*THE TASK*
In the entries below, find the line containing "准备热油锅,爆炒香肠腊肉指透明。" and the line containing "Το πτώμα μιας". Copy those two lines and everything between them exactly, without the pictures.

(SUPPLIED MATERIAL Opens)

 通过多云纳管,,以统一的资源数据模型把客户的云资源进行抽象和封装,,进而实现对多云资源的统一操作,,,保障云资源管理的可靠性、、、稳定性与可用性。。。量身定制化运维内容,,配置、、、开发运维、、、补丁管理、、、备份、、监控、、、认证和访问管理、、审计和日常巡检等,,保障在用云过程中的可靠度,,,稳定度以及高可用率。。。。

(SUPPLIED MATERIAL Closes)
(SUPPLIED MATERIAL Opens)

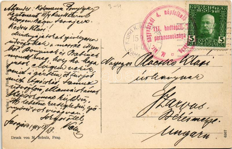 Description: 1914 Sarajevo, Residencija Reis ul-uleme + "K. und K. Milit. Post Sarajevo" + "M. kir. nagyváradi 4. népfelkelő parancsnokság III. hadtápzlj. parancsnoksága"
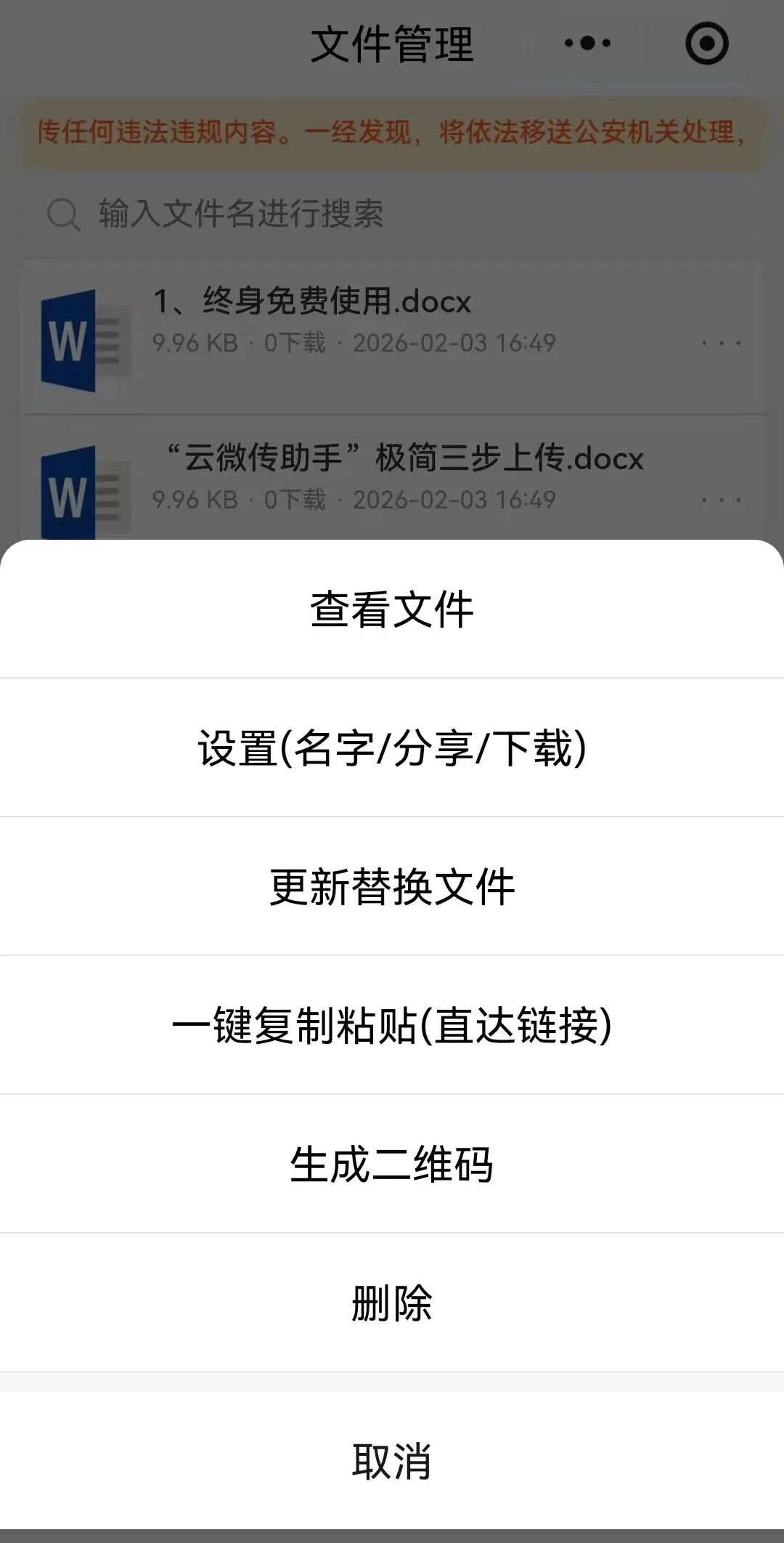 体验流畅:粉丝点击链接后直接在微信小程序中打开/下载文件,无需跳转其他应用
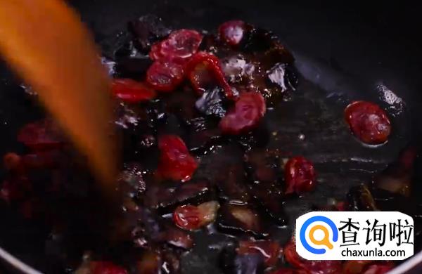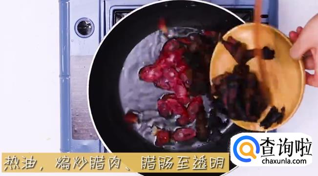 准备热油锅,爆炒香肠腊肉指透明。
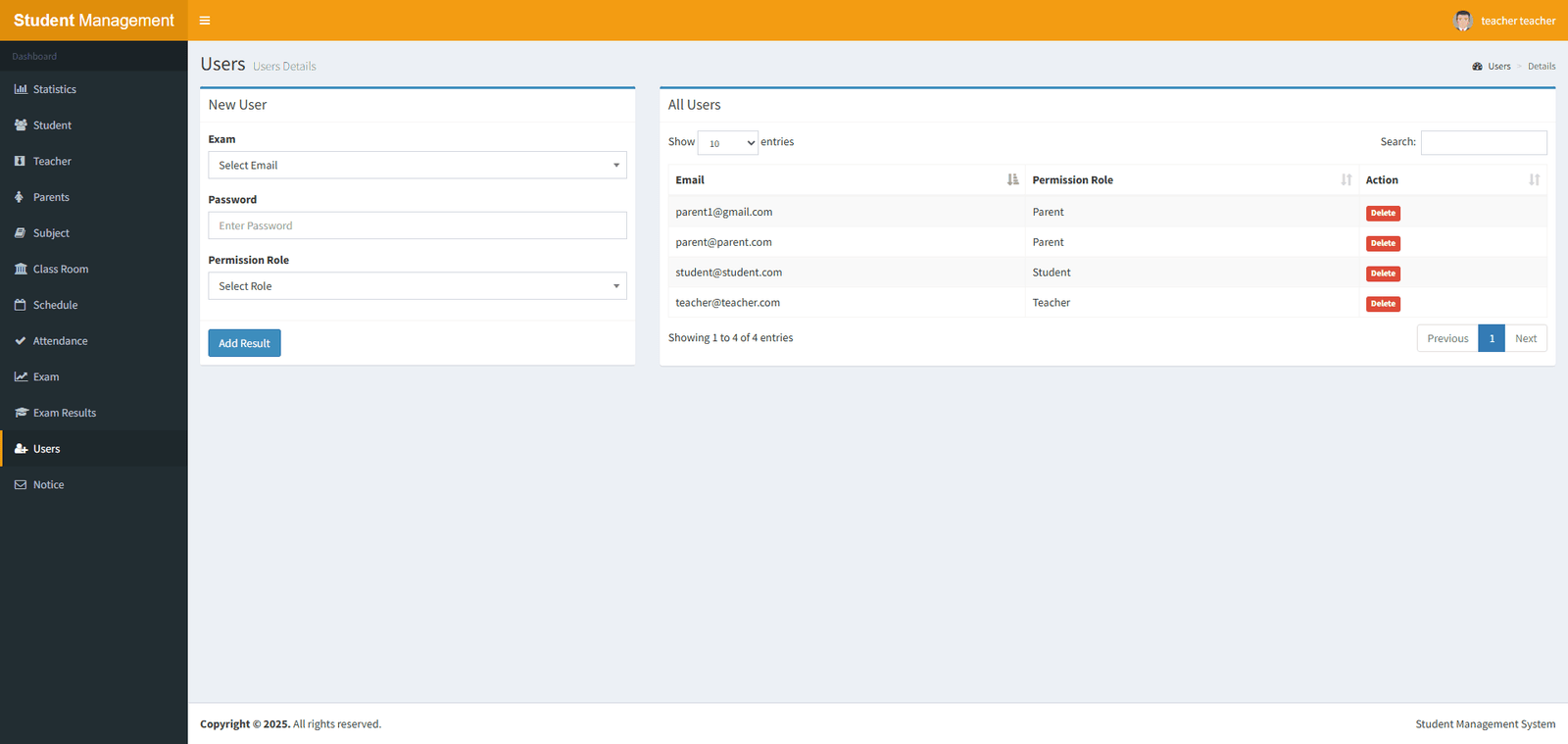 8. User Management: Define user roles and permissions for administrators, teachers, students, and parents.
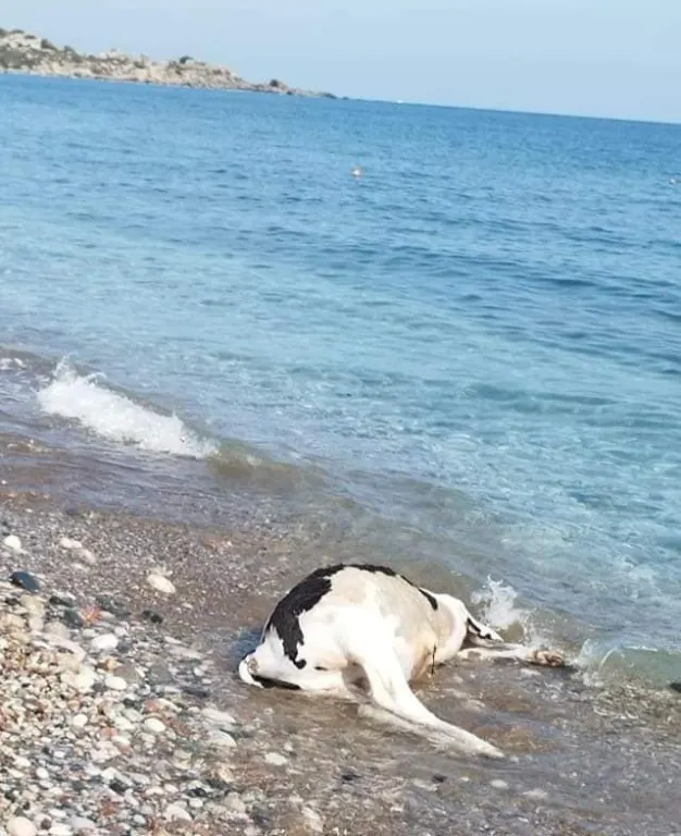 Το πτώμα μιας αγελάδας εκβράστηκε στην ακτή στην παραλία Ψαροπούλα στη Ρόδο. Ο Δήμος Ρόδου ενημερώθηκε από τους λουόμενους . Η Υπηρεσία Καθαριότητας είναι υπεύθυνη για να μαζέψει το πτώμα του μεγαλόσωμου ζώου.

(SUPPLIED MATERIAL Closes)
(SUPPLIED MATERIAL Opens)

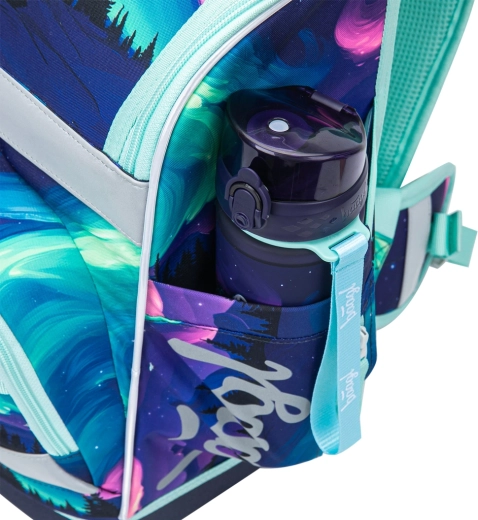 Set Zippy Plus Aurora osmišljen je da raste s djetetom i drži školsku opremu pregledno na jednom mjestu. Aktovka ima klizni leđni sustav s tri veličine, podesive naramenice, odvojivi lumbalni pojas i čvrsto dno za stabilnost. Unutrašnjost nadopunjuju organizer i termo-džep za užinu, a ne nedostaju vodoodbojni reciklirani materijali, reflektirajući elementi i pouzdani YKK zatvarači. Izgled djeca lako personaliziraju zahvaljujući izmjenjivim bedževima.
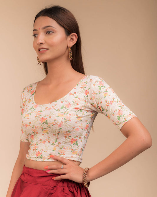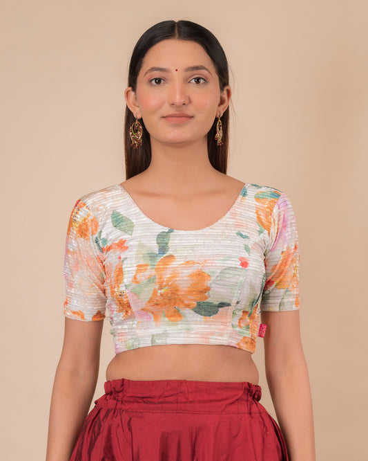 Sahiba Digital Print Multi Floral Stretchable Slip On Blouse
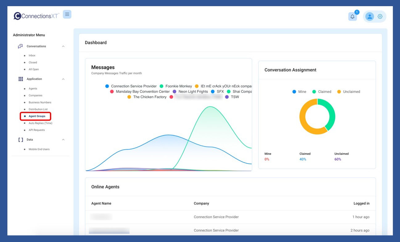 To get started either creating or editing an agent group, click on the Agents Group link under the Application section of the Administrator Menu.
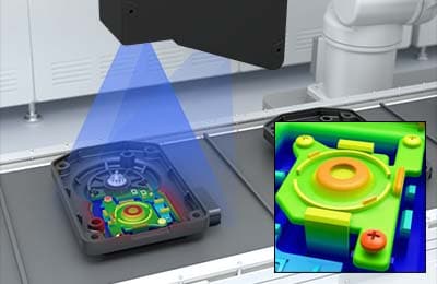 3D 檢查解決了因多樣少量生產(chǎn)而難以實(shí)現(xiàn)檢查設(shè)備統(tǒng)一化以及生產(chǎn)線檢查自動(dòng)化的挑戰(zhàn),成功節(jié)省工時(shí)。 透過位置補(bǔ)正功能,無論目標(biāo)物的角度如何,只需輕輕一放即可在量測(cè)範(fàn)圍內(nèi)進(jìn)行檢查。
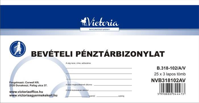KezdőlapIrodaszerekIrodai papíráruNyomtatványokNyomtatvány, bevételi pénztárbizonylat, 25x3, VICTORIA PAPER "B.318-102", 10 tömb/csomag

(SUPPLIED MATERIAL Closes)

*FINISHED TASK*
 准备热油锅,爆炒香肠腊肉指透明。
 8. User Management: Define user roles and permissions for administrators, teachers, students, and parents.
 Το πτώμα μιας αγελάδας εκβράστηκε στην ακτή στην παραλία Ψαροπούλα στη Ρόδο. Ο Δήμος Ρόδου ενημερώθηκε από τους λουόμενους . Η Υπηρεσία Καθαριότητας είναι υπεύθυνη για να μαζέψει το πτώμα του μεγαλόσωμου ζώου.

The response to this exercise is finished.